AIMS: Acute intermittent porphyria (AIP) is a disorder of the haem biosynthetic pathway caused by mutations in the hydroxymethylbilane synthase (HMBS) gene. Knowledge of the spectrum of mutations present in South Africa is limited. This study presents the molecular profile of 20 South African patients with AIP, and the kinetic analysis of one novel expressed mutated HMBS enzyme and a previously identified mutation at the same position. METHODS: Genomic DNA was isolated from affected probands and selected family members, the HMBS gene amplified and mutations characterised by direct sequencing and restriction enzyme analysis. One of the novel mutations (p.Lys98Glu), a previously characterised mutation at the same position (p.Lys98Arg), and the wild-type enzyme were expressed, purified and subjected to partial kinetic characterisation.

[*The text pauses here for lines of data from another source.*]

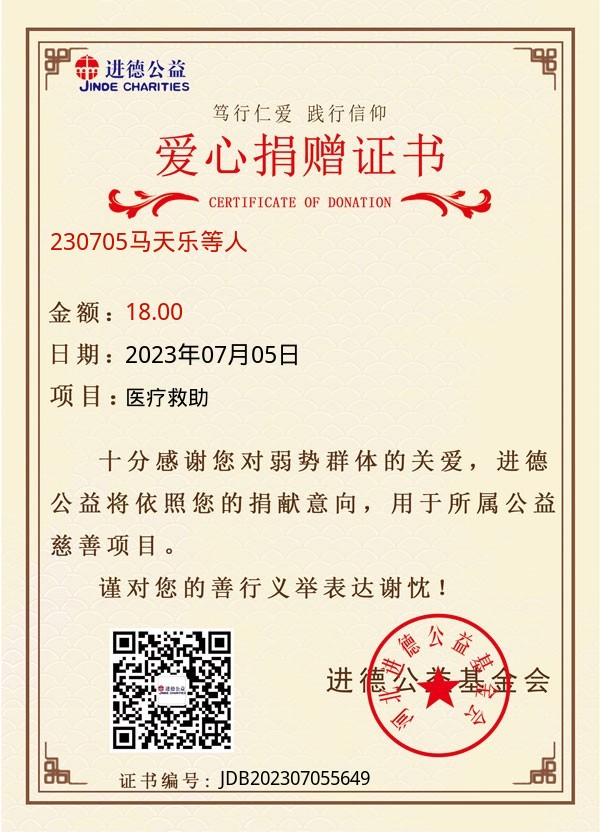 | 230705马天乐等人 | 18.00 | 医疗救助 | 捐款证书 | 2023-07-05 |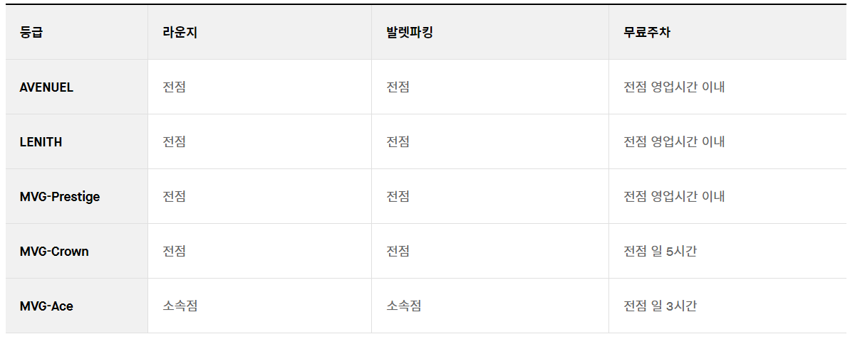 MVG 등급부터는 MVG 라운지와 발렛파킹 서비스가 제공이 된다. 등급별로 롯데백화점 전점에서 이용이 가능한지와 소속점에서 이용이 가능한지 나뉘게 된다. 아래에 어떤 서비스가 제공되는지 보도록 하자.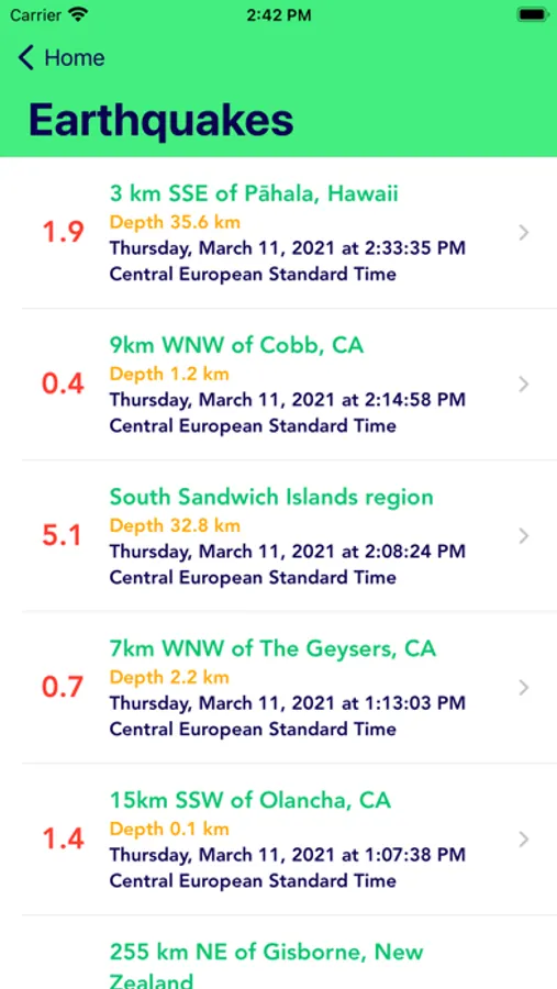 **Proximity Alerts:** By utilizing your device's location, Earthquake Alert enhances your safety measures by providing instant access to earthquakes and possible tsunamis that have occurred near you on any given day.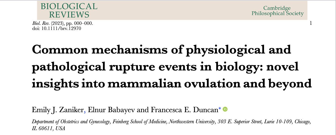 - A New Duncan Lab Publication: Huang R, Kratka CE, Pea J, McCann C, Nelson J, Bryan JP, Zhou LT, Russo DD, Zaniker-Gomez EJ, Gandhi AH, Shalek AK, Cleary B, Farhi SL, Duncan FE, Goods BA. Single-cell and spatiotemporal profile of ovulation in the mouse ovary. PLoS Biol. 2025 Jun 24;23(6):e3003193. doi: 10.1371/journal.pbio.3003193. PMID: 40554460; PMCID: PMC12186953.
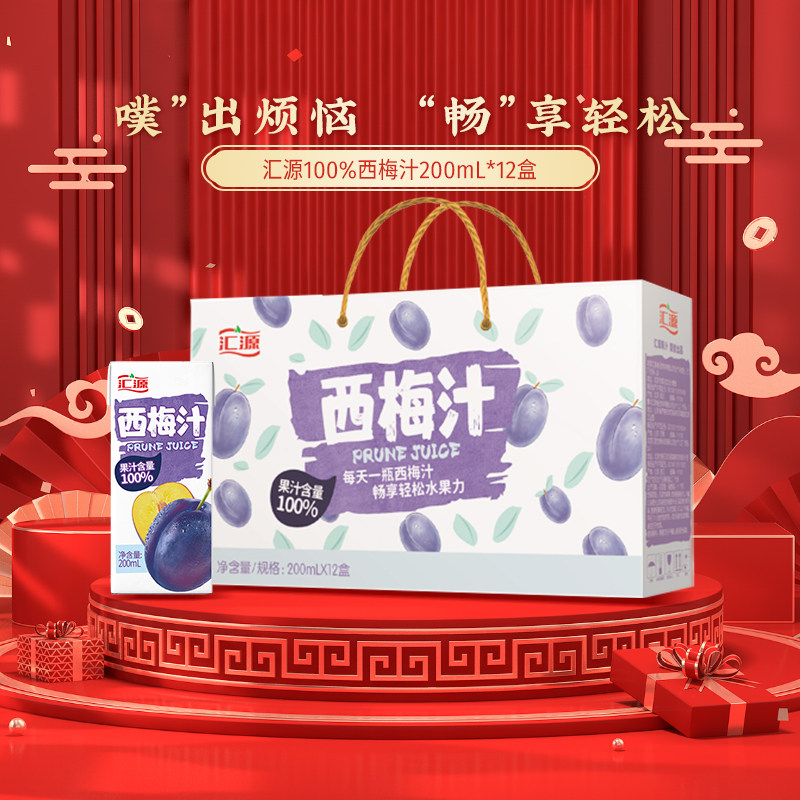 📚 汇源100%果味饮料西梅汁200ml*12盒果汁浓缩果蔬汁整箱装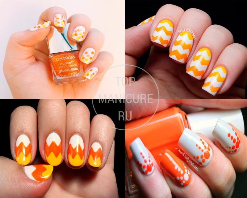 Здесь мы видим маникюр с белым и оранжевым лаком. Горошек делается дотсом, а зигзаги с помощью трафарета. Можно вырезать его ножницами из скотча. На белые ногти наклеиваются зигзагообразные трафареты, оставляя промежутки, и наносится оранжевый лак. Затем скотч нужно убрать.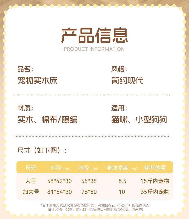 规格 【大号】实木床【适用15斤内宠物】,【大号】实木床+夏季凉席【适用15斤内宠物】,【大号】实木床+冬季床品两件套【适用15斤内宠物】,【大号】实木床+冬季床品+凉席【适用15斤内宠物】,大号小熊床品,【加大号】实木床【适用35斤内宠物】,【加大号】实木床+夏季凉席【适用35斤内宠物】,【加大号】实木床+冬季床品两件套【适用35斤内宠物】,【加大号】实木床+冬季床品+凉席【适用35斤内宠物】,加大号小熊床品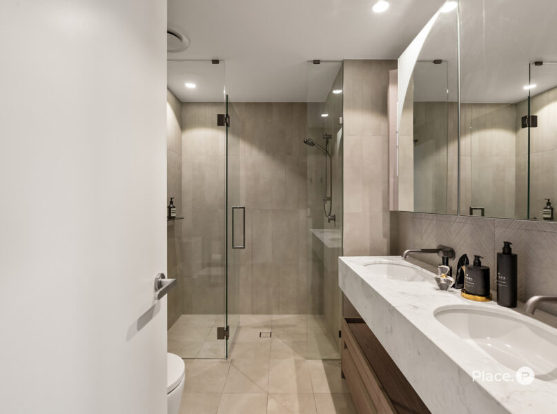 The apartment features spacious open-plan living and dining areas, as well as an enclosed balcony with breathtaking outlooks and plentiful entertainment space. Glass bi-fold doors blur the lines between the central living zones and the al fresco areas, ensuring seamless connection.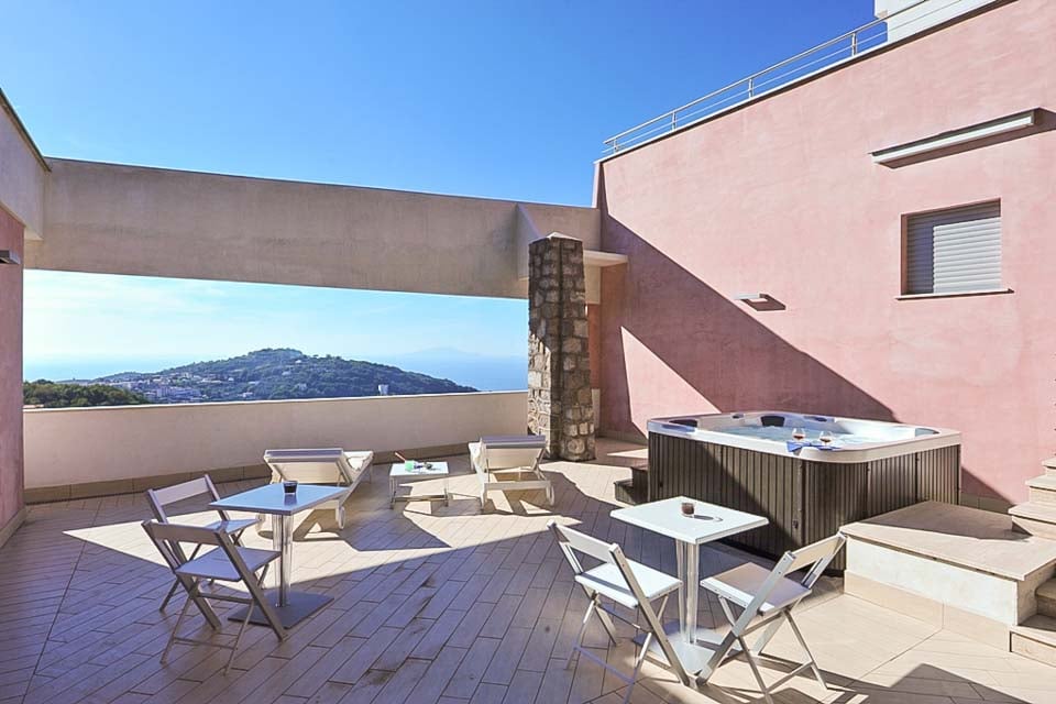 Dobbel, dobbeltseng, klimaanlegg, TV med lokale kanaler, balkong, komfortable sitteplasser, komfortabel sittegruppe, havutsikt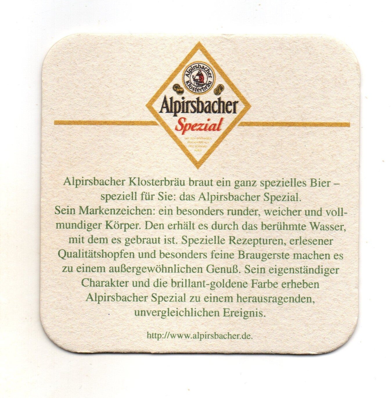 Sottobicchiere birra Alpirsbacher, in cartoncino pressato monouso di forma quadrata. Dimensioni cm 9,5 per lato.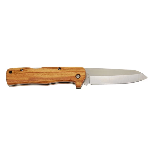 Handliches Taschenmesser mit verschraubten Olivenholzgriffschalen und einer 9 cm langen Klinge aus AISI 440 Stahl. Durch die Nagelhauöffnung eignet es sich prima als EDC-Messer.

RESULTS: Four new mutations, p.Lys98Glu, p.Asp230Aspfs*20, c.161-1G>A and c.422+3_6delAAGT, are described. Seven previously described mutations were found, while four patients revealed no mutations. Mutation analysis of five offspring of one of the probands carrying the p.Trp283X mutation revealed two asymptomatic carriers. Kinetic analysis showed that the p.Lys98Glu mutation results in loss of substrate affinity, whereas the previously described p.Lys98Arg mutation causes the loss of binding between the enzyme and its dipyrromethane cofactor, rendering the enzyme inactive. CONCLUSIONS: This study comprises the most comprehensive characterisation of HMBS gene mutations in patients with AIP in South Africa. The biochemical characterisation of expressed HMBS mutants reveals insight into the mechanism of catalytic activity loss, which may inspire investigation into individualised therapy based on the molecular lesion identified.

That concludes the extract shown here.